Hive workload migration to new account in Azure Storage

Learn how to use script actions to copy Hive tables across storage accounts in HDInsight. This may be useful when migrating to Azure Data Lake Storage Gen2.

To manually copy an individual Hive table on HDInsight 4.0, see Hive export/import.

Prerequisites

How it works

We'll run a script action to export Hive tables from the original cluster to a specified HDFS directory. See Script action to a running cluster.

Then, we'll run another script action on the new cluster to import the Hive tables from the HDFS directory.

The script will re-create the tables to the new cluster's default filesystem. Native tables will also copy their data in storage. Non-native tables will copy only by definition. See Hive Storage Handlers for details on non-native tables.

The path of external tables not in the Hive warehouse directory will be preserved. Other tables will copy to the target cluster's default Hive path. See Hive properties hive.metastore.warehouse.external.dir and hive.metastore.warehouse.dir.

The scripts will not preserve custom file permissions in the target cluster.

Note

This guide supports copying metadata objects related to Hive databases, tables and partitions. Other metadata objects must be re-created manually.

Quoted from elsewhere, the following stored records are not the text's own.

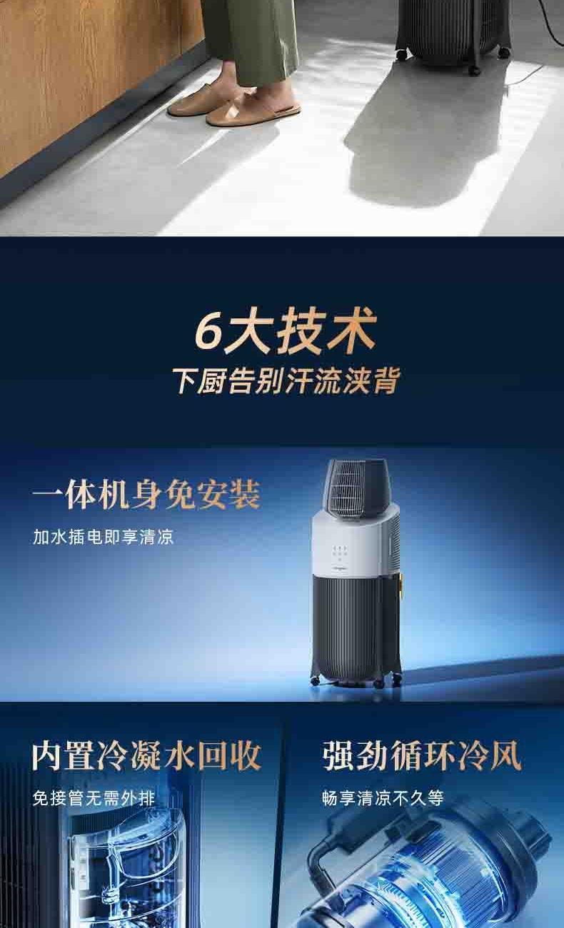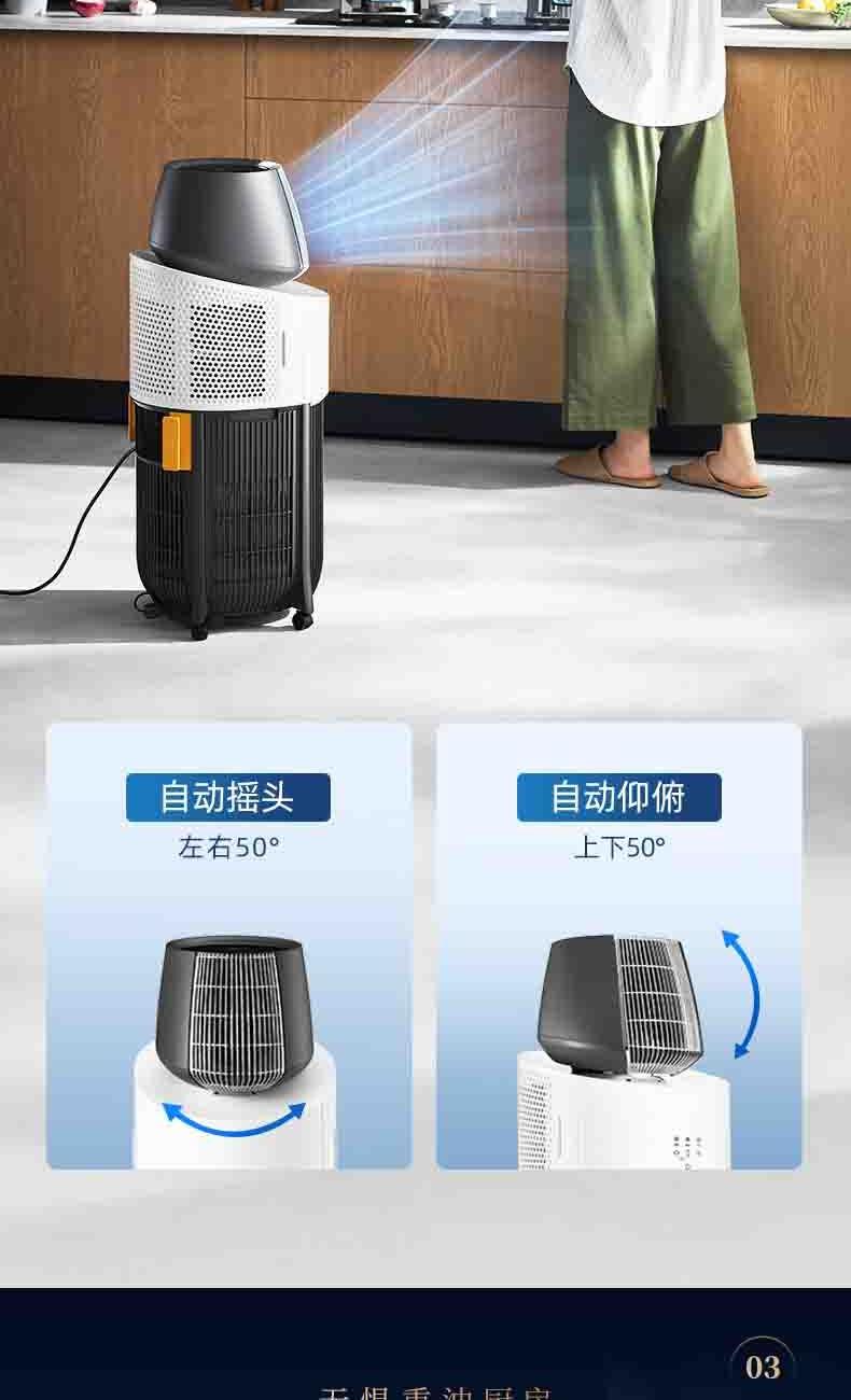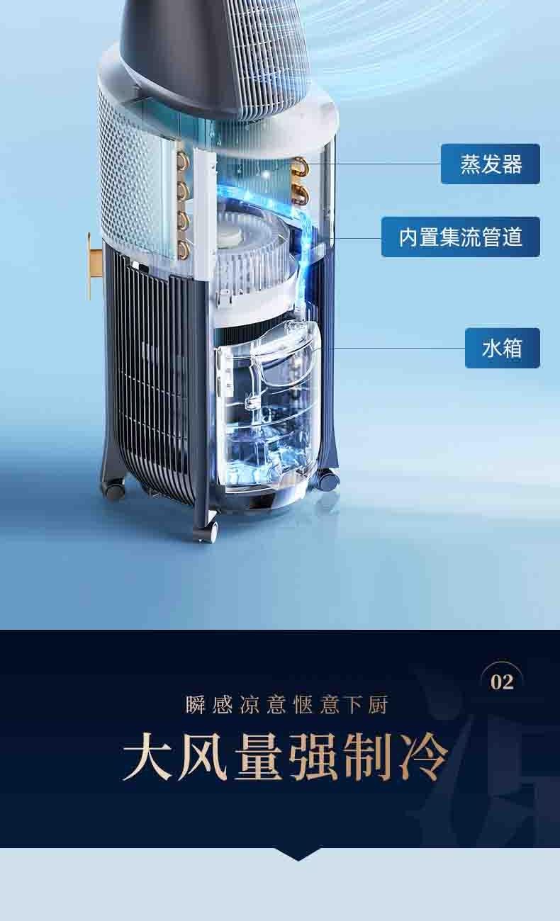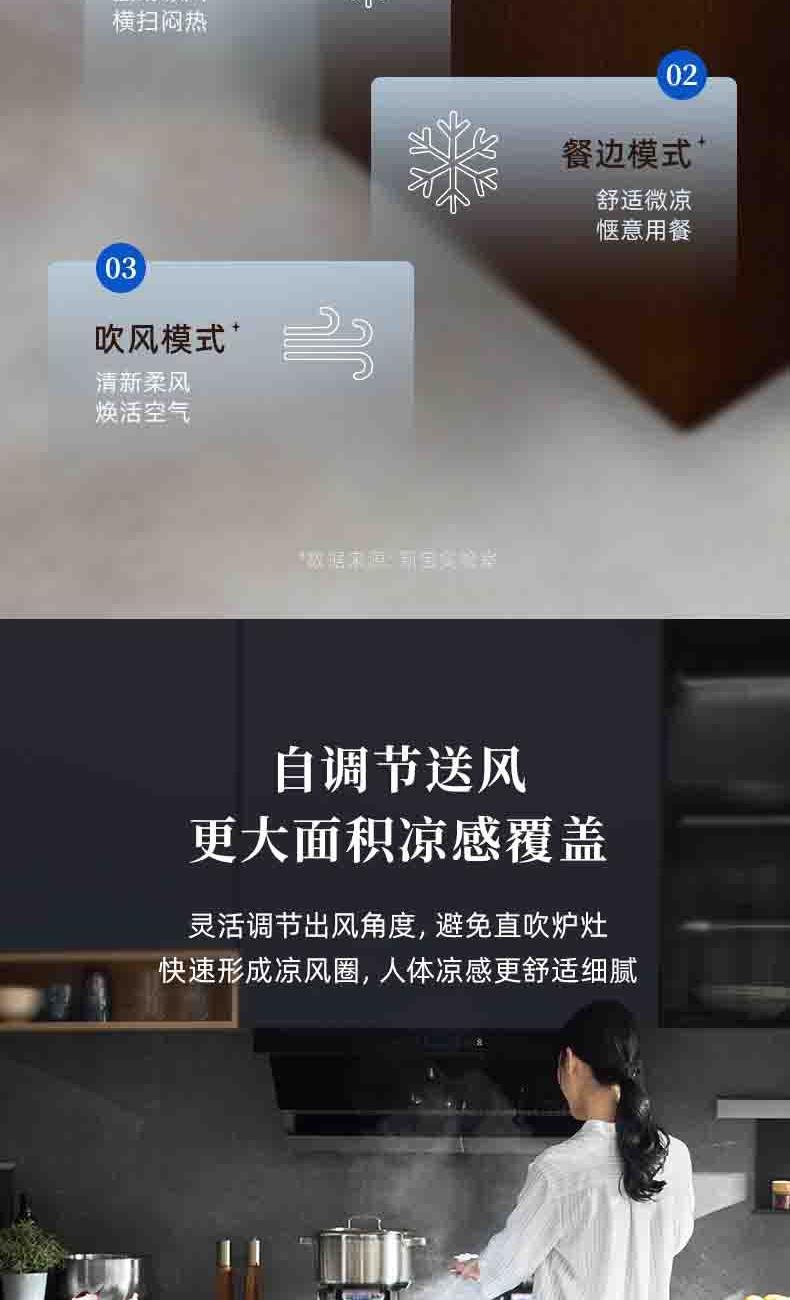 一体机身免安装,加水插电即享清凉 AI语音+智能触控,厨间清爽随叫随享 上下左右广角送风,3档风量全 方位凉爽 60目不锈钢滤网,高效过滤油烟/灰尘/毛发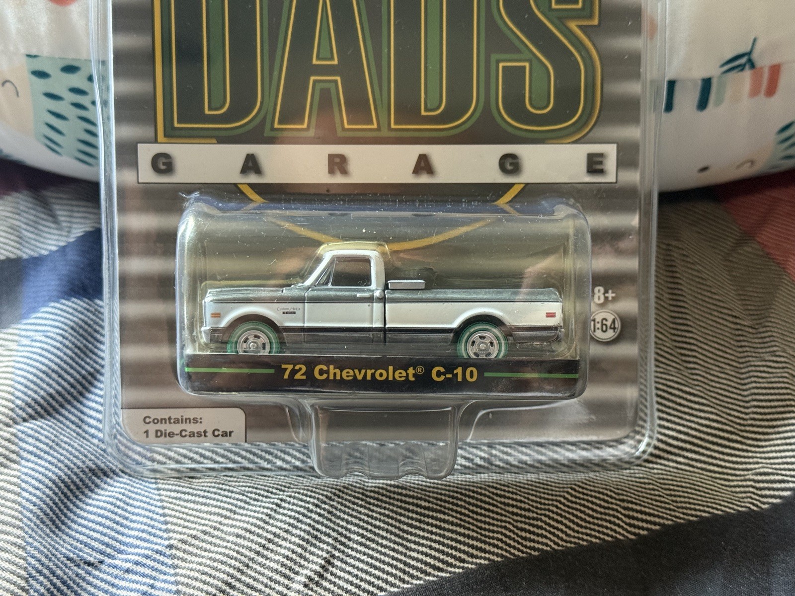 The product is a 1:64 scale diecast 1972 Chevrolet C-10 pickup truck in a RAW green color. It is part of the MAUI FEST 2017 series by Greenlight and features a limited edition chase model. The Chevrolet C-10 is themed as "Dad's Garage" and is suitable for kids aged 8 and up. This collectible item comes in an unopened box and is a must-have for both boys and girls who are fans of classic pickup trucks.
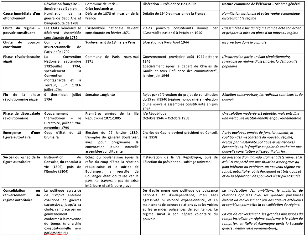 Voici comment j'ai procédé : j'ai repris tous les cas français de révolutions-impérialistes revanchards identifiés, à savoir la Révolution et l'Empire napoléonien ; la fin du Second Empire, la Commune, l'émergence de la IIIe et la crise boulangiste ; l'effondrement de 1940, Vichy, la IVe, Charles de Gaulle, en essayant d'identifier les grandes étapes communes et d'isoler la variable ayant provoqué des divergences entre les différents cas (l'avortement du boulangisme par opposition à la prise de pouvoir effective de Napoléon et de Charles de Gaulle, la chute de l'Empire par opposition à la survivance de la Ve République à son fondateur).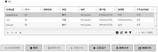 任务摘要:此区域将显示以下信息:任务标题、任务 ID 和任务类型(备份或恢复)、客户端名称、插件名称、任务创建日期、任务修改日期、运行计数、平均持续时间、平均大小、备份或恢复选择集、备份选项集、计划集、源集、目标集和备份或恢复高级选项集。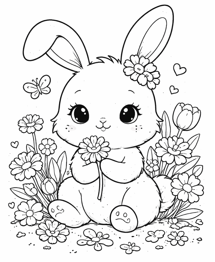 Start with our cute bunny coloring page. It is free to download, easy to print, and fun for kids who enjoy animal coloring pages.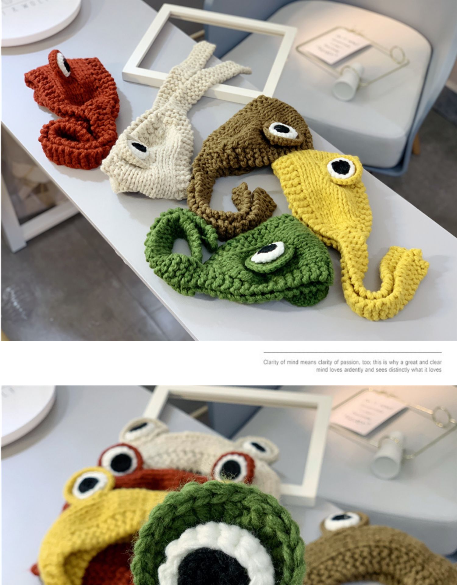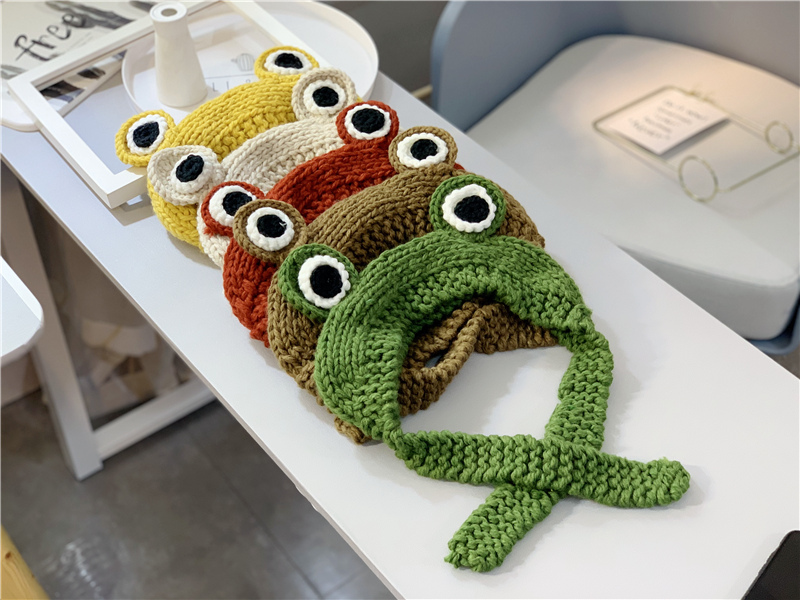 귀여운 달콤한 성인 어린이 만화 개구리 니트 모자 여성용 한국식 모든 매치 오목한 모양스토어 가기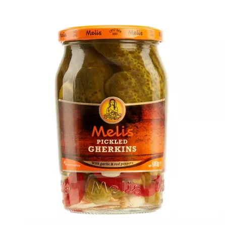 Melis Pickled Gherkins With Garlic & Red Peppers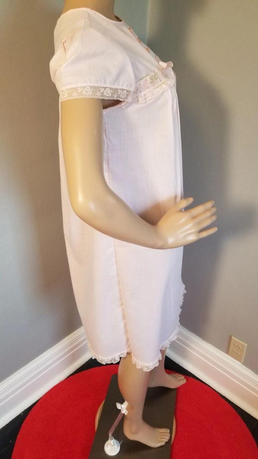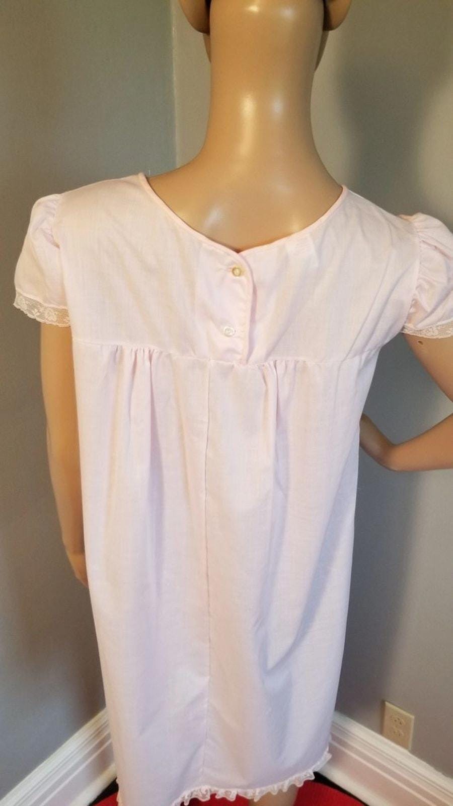 60s Vintage Gaymode Nightie / Night Gown in Blush Pink with Embroidery - S
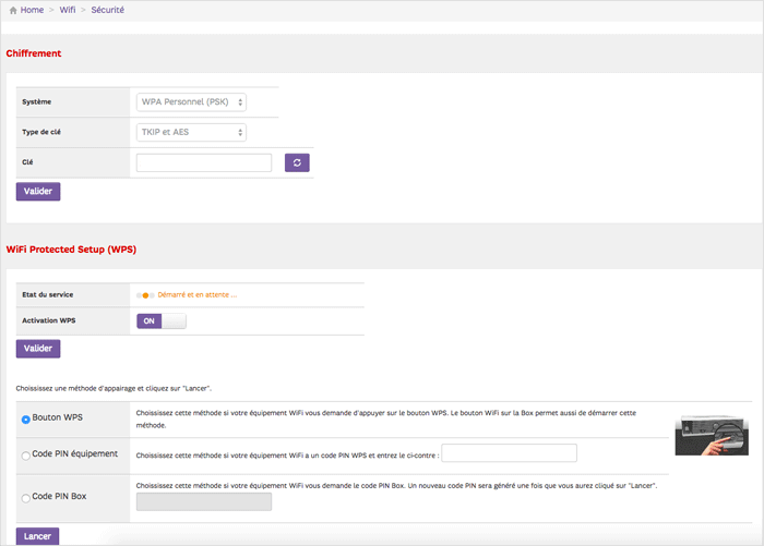 - Enter the Wi-Fi Password in the Clé field and click Valider.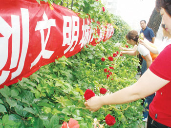 社區書記問她是什么原因讓她產生了“用鮮花裝點城市”的想法,她指著社區門前的一個“創建文明城市人人有責”的條幅說:“就是因為這個條幅,我看了之后就有了想法,可我也不知道該怎么做貢獻,所以就想了這個法子。用鮮花把馬路裝扮起來,路邊的行人、車上的乘客、游客看到這些花都會感覺很舒服的。”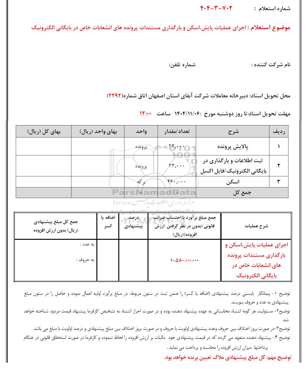 موضوع استعلام : اجرای عملیات پایش، اسکن و بارگذاری مستندات پرونده های انشعابات خاص در بایگانی الکترونیک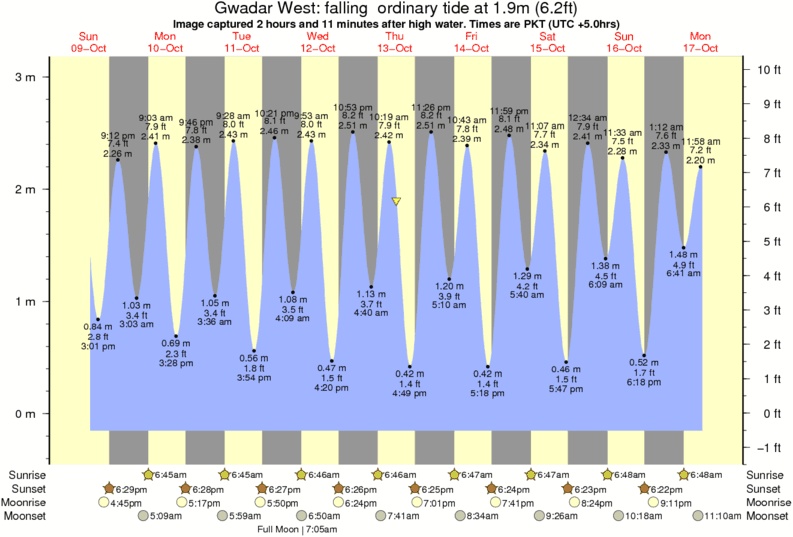 Forecast wind and swell just offshore from Gwadar West around the time the photo was taken
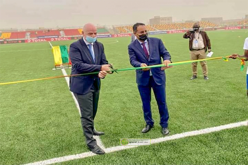 Le président de la Fédération internationale de Football Association (FIFA), M. Gianni Infantino, s'est félicité mardi 16 février 2021, de l'achèvement du nouveau stade de Nouadhibou, lors de la coupure du ruban symbolique, marquant le début officiel des matchs.La cérémonie s’est déroulée en présence des autorités administratives et municipales, du vice-président de la CAF, Constant Omari et du président de la Fédération mauritanienne de football, M. Ahmed Ould Yahya.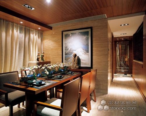 客廳在布局上用現(xiàn)代手法演繹古典韻味,在對(duì)稱均衡中尋求變化,增強(qiáng)空間層次感;在色彩上通過家私、飾品等的對(duì)比來表現(xiàn)細(xì)節(jié),使空間不顯沉悶和單調(diào);運(yùn)用現(xiàn)代材質(zhì),如玻璃、羅馬洞石、地毯、實(shí)木等的對(duì)比,既增強(qiáng)現(xiàn)代感又不失整體中式感,使整體景象的創(chuàng)造力求作到:“熟悉中有新意,協(xié)調(diào)中有變化,平淡中有味道,古典中有現(xiàn)代時(shí)尚的元素。”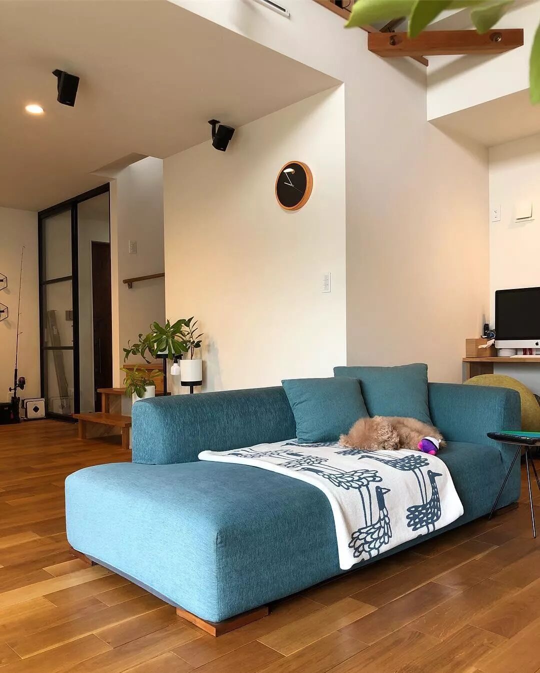 我最喜欢的是这款定制沙发的颜色、色彩和面料都有一种超前的感觉,提升了这个客厅的档次。

  • For Views, Hive supports SHOW VIEWS command as of Hive 2.2.0 on HDInsight 4.0. Use SHOW CREATE TABLE for view definition. For earlier versions of Hive, query the metastore SQL DB to show views.
  • For Materialized Views, use commands SHOW MATERIALIZED VIEWS, DESCRIBE FORMATTED, and CREATE MATERIALIZED VIEW. See Materialized views for details.
  • For Constraints, supported as of Hive 2.1.0 on HDInsight 4.0, use DESCRIBE EXTENDED to list constraints for a table, and use ALTER TABLE to add constraints. See Alter Table Constraints for details.

Copy Hive tables

  1. Apply the "export" script action on the original cluster with the following fields.

    This will generate and execute intermediary Hive scripts. They will save to the specified <hdfs-export-path>.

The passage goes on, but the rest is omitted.